*SOURCE MATERIAL:*
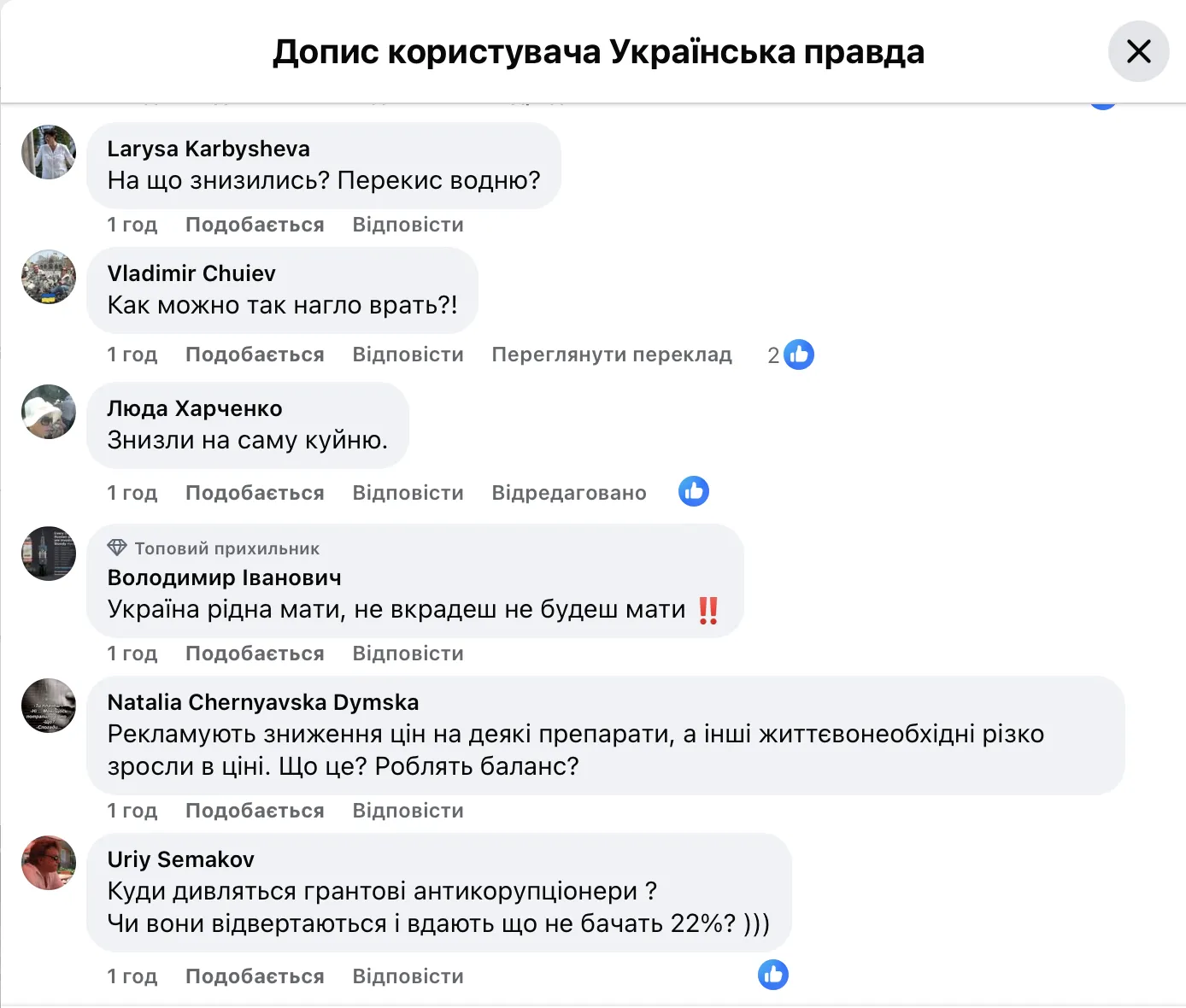 "Только вчера была в аптеке! Цены не только снизились, они еще и поднялись на 20 грн! Где скидка?!" — возмутилась одна из комментаторок.
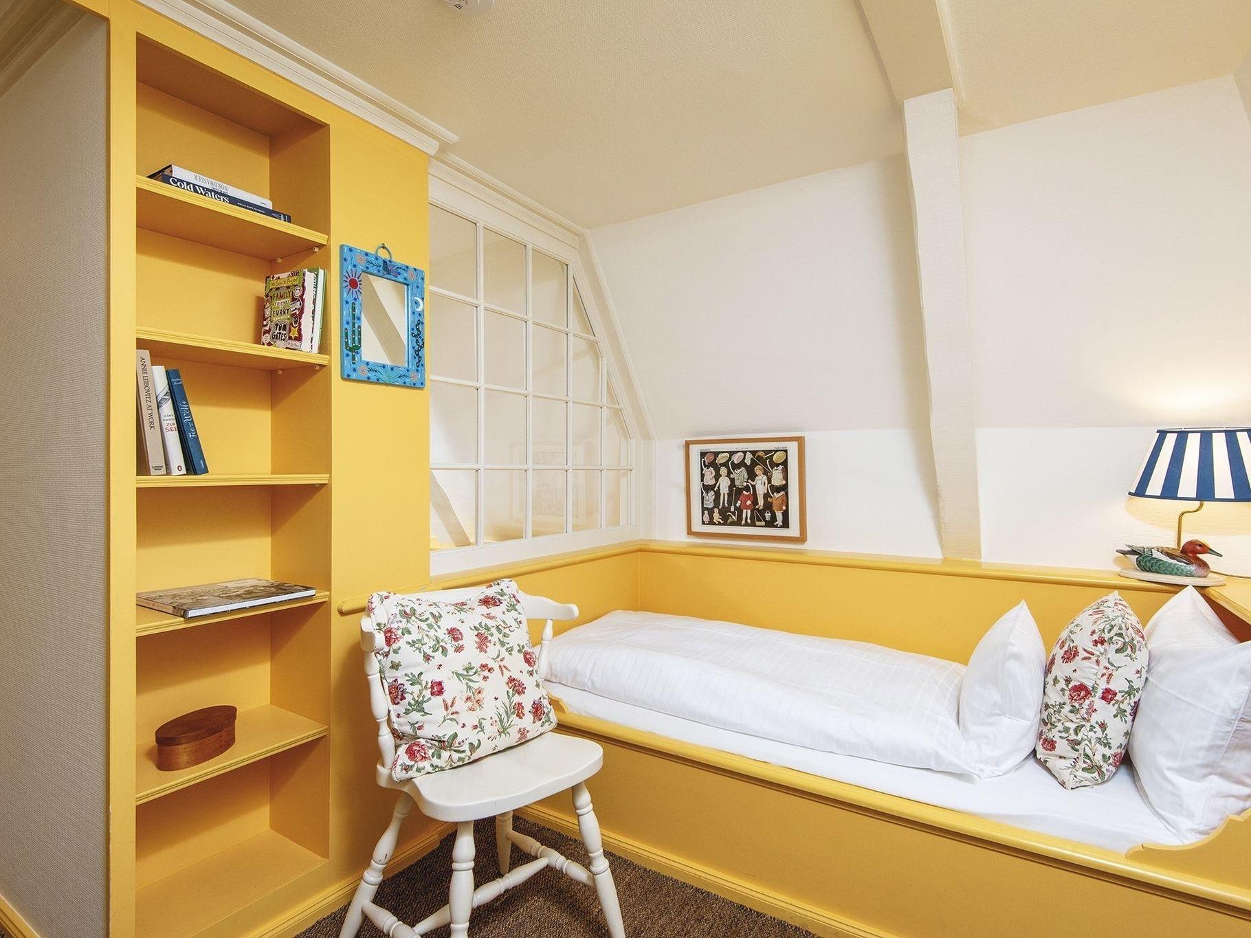 In einem traumhaft eingewachsenen Garten liegt dieses wunderschöne Hausteil klassisch unter Reet. Sehr individuell und harmonisch zusammengestellt sind antike Einbauten mit Neuem kombiniert. Im Erdgeschoss finden Sie eine heimelige Küche in friesischblau mit Delfter Kacheln und modernen Elektrogeräten. Ein schöner Essbereich mit Blick in den Garten und Zugang zur Terrasse lädt zum geselligen Frühstückstreff mit der gesamten Familie ein. Das Wohnzimmer mit gemütlichen Sofas vor dem Kamin und hübscher Leseecke an der Fensterfront, sowie ein Gäste-WC befinden sich ebenfalls auf dieser Ebene. Im Obergeschoss sind zwei Doppelschlafzimmer, sowie ein Duschbad und ein Wannenbad. Die Farbkombination in den Schlafzimmern geht von modernen Grautönen hin zu den Schrankeinbauten in Korallenrot, kombiniert mit Messing - einfach stilvoll. Noch ein Stockwerk höher finden Sie ein kuscheliges Dachzimmer mit zwei Einzelbetten. Die Treppen und Schlafräume sind mit Teppichboden ausgelegt.
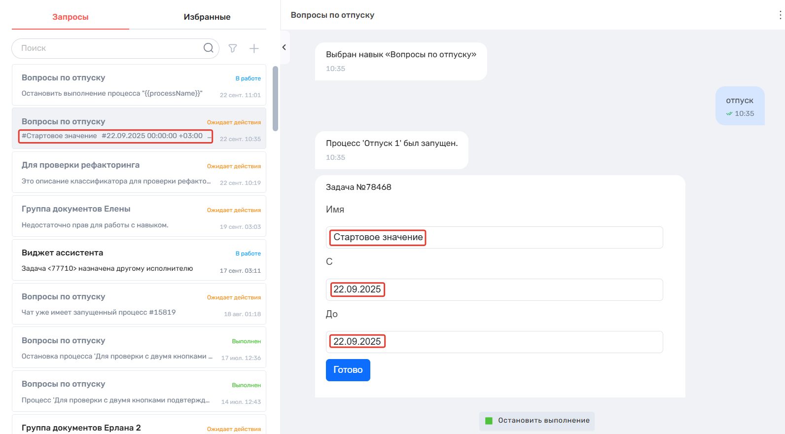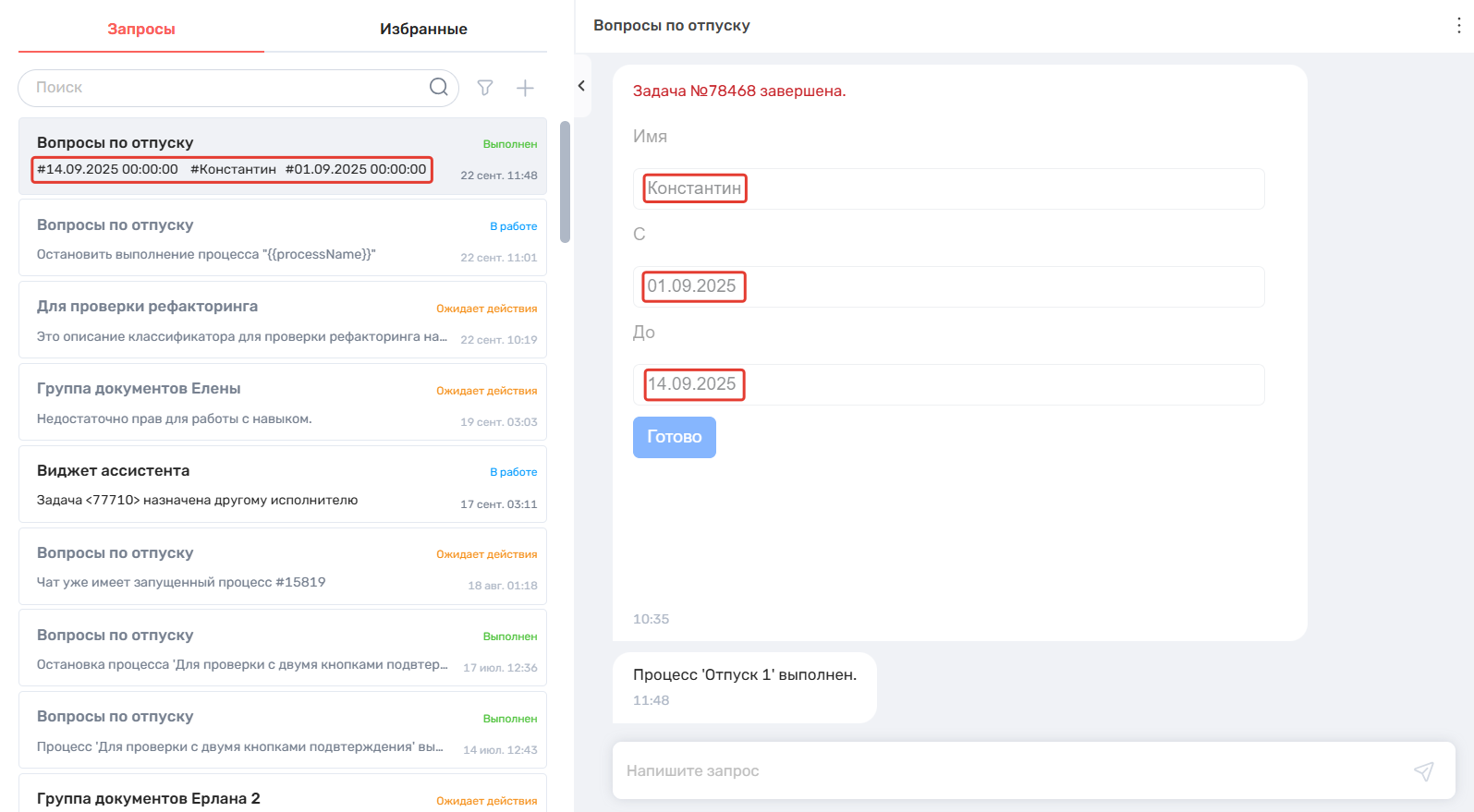 В записях запросов чата Ассистента могут отображаться значения переменных, используемых в процессе. Это позволяет отслеживать ключевые данные прямо в интерфейсе. Для того, чтобы значения отображались, Администратору процессов необходимо заранее настроить конкретный процесс и выбрать нужные переменные. Подробнее см. в Кнопка "Редактировать" у опубликованных процессов

*TO DO:* Keeping pictures out, repeat exactly the lines from the one containing "In einem traumhaft" through the end of the listing.

*RESPONSE FOR THIS EXERCISE:*
 In einem traumhaft eingewachsenen Garten liegt dieses wunderschöne Hausteil klassisch unter Reet. Sehr individuell und harmonisch zusammengestellt sind antike Einbauten mit Neuem kombiniert. Im Erdgeschoss finden Sie eine heimelige Küche in friesischblau mit Delfter Kacheln und modernen Elektrogeräten. Ein schöner Essbereich mit Blick in den Garten und Zugang zur Terrasse lädt zum geselligen Frühstückstreff mit der gesamten Familie ein. Das Wohnzimmer mit gemütlichen Sofas vor dem Kamin und hübscher Leseecke an der Fensterfront, sowie ein Gäste-WC befinden sich ebenfalls auf dieser Ebene. Im Obergeschoss sind zwei Doppelschlafzimmer, sowie ein Duschbad und ein Wannenbad. Die Farbkombination in den Schlafzimmern geht von modernen Grautönen hin zu den Schrankeinbauten in Korallenrot, kombiniert mit Messing - einfach stilvoll. Noch ein Stockwerk höher finden Sie ein kuscheliges Dachzimmer mit zwei Einzelbetten. Die Treppen und Schlafräume sind mit Teppichboden ausgelegt.
 В записях запросов чата Ассистента могут отображаться значения переменных, используемых в процессе. Это позволяет отслеживать ключевые данные прямо в интерфейсе. Для того, чтобы значения отображались, Администратору процессов необходимо заранее настроить конкретный процесс и выбрать нужные переменные. Подробнее см. в Кнопка "Редактировать" у опубликованных процессов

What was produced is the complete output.